1. What role played hydrogen sulfide in past extinction events?

2. What can we exactly conclude about the rate of emissions today vs past events? What does it mean for ecosystem resilience, and planetary boundaries?

3. How will Earth's geomorphology respond to uptake in weathering, deglaciation - mass balance changes at the poles?

4. Why were some events characterized by extensive anoxia and widespread black shale deposition whereas other events were dominated by warming and acidification?[1]

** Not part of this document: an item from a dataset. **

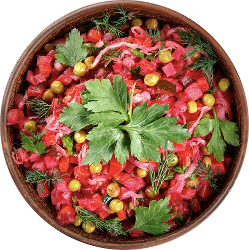 1. Это классический рецепт русской кухни, и помимо свеклы для него требуются отварные морковь и картофель, зеленый или репчатый лук, квашеная капуста или соленые огурцы и растительное масло в качестве заправки. Обычно салат овощной, но есть и грибные, рыбные, мясные разновидности.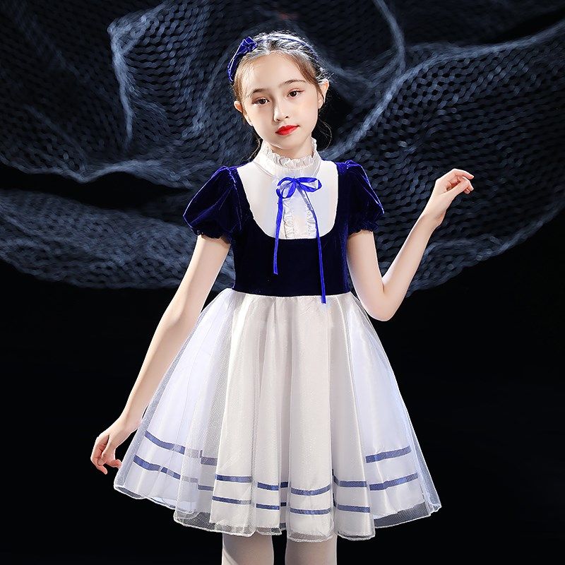 网红款新款儿童演出服蓬蓬纱裙连衣裙女中小学生诗歌朗诵演合唱服

5. What were the most important environmental kill mechanisms responsible for eliminating marine and terrestrial organisms?[1]


ANSWERS

1. The hydrogen sulfide at the Permian (and other extinctions) likely reflects an extreme development of the coastal "dead zones" that we see today. In terms of the cause, the consensus appears to have shifted somewhat towards nutrient runoff (and eutrophication) as the primary driver, rather than slowing ocean circulation as might have been proposed 10-15 years ago.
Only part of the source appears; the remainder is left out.